Task brief: The pictures do not belong in the copy. Restate all of the records word for word.
Data shown START
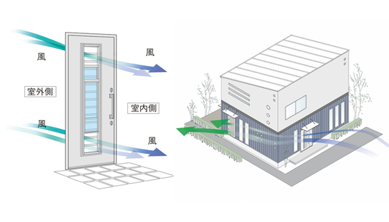 採風タイプならドアを閉めたままで空気の入れ換えもスムーズ。
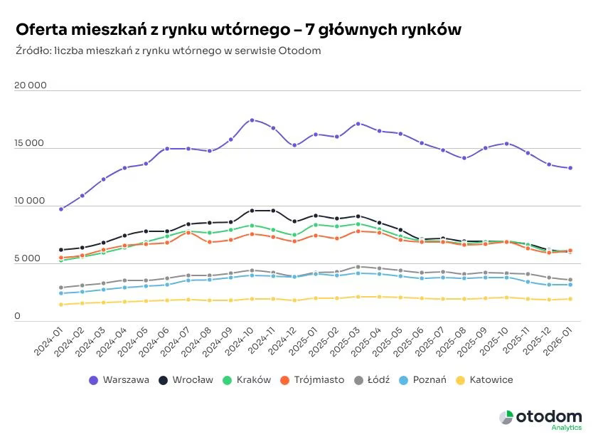 Styczeń 2026 roku potwierdził utrzymujący się układ sił na rynku mieszkaniowym, w którym rynek wtórny funkcjonuje przy coraz bardziej ograniczonej podaży, a deweloperski pozostaje relatywnie zasobny w lokale na sprzedaż. Z jednej strony, w ujęciu rocznym, popyt na mieszkania z drugiej ręki utrzymuje się na stabilnym poziomie (a w styczniu wyraźnie odbił po słabszym grudniu), z drugiej – oferta na rynku wtórnym skurczyła się w największych miastach aż o 22% rok do roku. W tym samym czasie rynek deweloperski notuje rekordową liczbę dostępnych lokali, co sprawia, że w wielu lokalizacjach zakup nowego mieszkania staje się nie tyle alternatywą, co koniecznością.
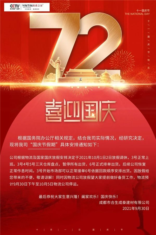 72周年盛世华诞丨英鼎卫浴祝祖国生日快乐,繁荣昌盛!
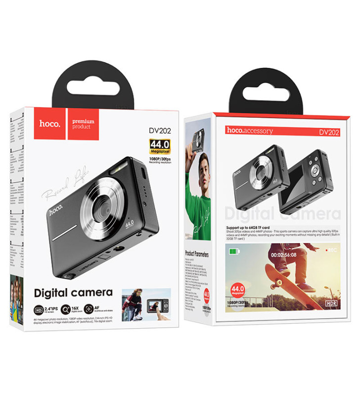 HOCO DV202 is a modern, lightweight digital camera equipped with a 5-megapixel CMOS sensor and a 2.4-inch IPS HD display with a resolution of 320x240. With support for photos with a resolution of up to 44 MP and video recording in Full HD quality, the camera is perfect for everyday photography and filming in high quality.
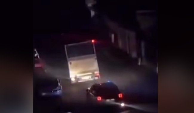 N'arrivant pas à repartir, il abandonne le camion et tente de s'enfuir, avant d'être rapidement interpellé. Regardez.
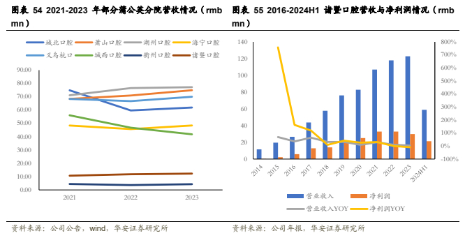 总院发展稳健,贡献大部分利润。总院定位为当地规模、水平均领先的医院,由区域总院平台对医生医疗服务技能、学术地位形成支撑,并在区域内形成品牌影响力。2023年,城西、杭口和宁口三大总院收入分别为4.18亿元、5.78亿元和1.82亿元,同比下降10.53%、11.97%和增长5.65%。2023年三大总院所占利润达74.02%。2024年上半年城西口腔医院实现营收1.92亿元,净利润7731万元。
Data shown END
Your response:
 採風タイプならドアを閉めたままで空気の入れ換えもスムーズ。
 Styczeń 2026 roku potwierdził utrzymujący się układ sił na rynku mieszkaniowym, w którym rynek wtórny funkcjonuje przy coraz bardziej ograniczonej podaży, a deweloperski pozostaje relatywnie zasobny w lokale na sprzedaż. Z jednej strony, w ujęciu rocznym, popyt na mieszkania z drugiej ręki utrzymuje się na stabilnym poziomie (a w styczniu wyraźnie odbił po słabszym grudniu), z drugiej – oferta na rynku wtórnym skurczyła się w największych miastach aż o 22% rok do roku. W tym samym czasie rynek deweloperski notuje rekordową liczbę dostępnych lokali, co sprawia, że w wielu lokalizacjach zakup nowego mieszkania staje się nie tyle alternatywą, co koniecznością.
 72周年盛世华诞丨英鼎卫浴祝祖国生日快乐,繁荣昌盛!
 HOCO DV202 is a modern, lightweight digital camera equipped with a 5-megapixel CMOS sensor and a 2.4-inch IPS HD display with a resolution of 320x240. With support for photos with a resolution of up to 44 MP and video recording in Full HD quality, the camera is perfect for everyday photography and filming in high quality.
 N'arrivant pas à repartir, il abandonne le camion et tente de s'enfuir, avant d'être rapidement interpellé. Regardez.
 总院发展稳健,贡献大部分利润。总院定位为当地规模、水平均领先的医院,由区域总院平台对医生医疗服务技能、学术地位形成支撑,并在区域内形成品牌影响力。2023年,城西、杭口和宁口三大总院收入分别为4.18亿元、5.78亿元和1.82亿元,同比下降10.53%、11.97%和增长5.65%。2023年三大总院所占利润达74.02%。2024年上半年城西口腔医院实现营收1.92亿元,净利润7731万元。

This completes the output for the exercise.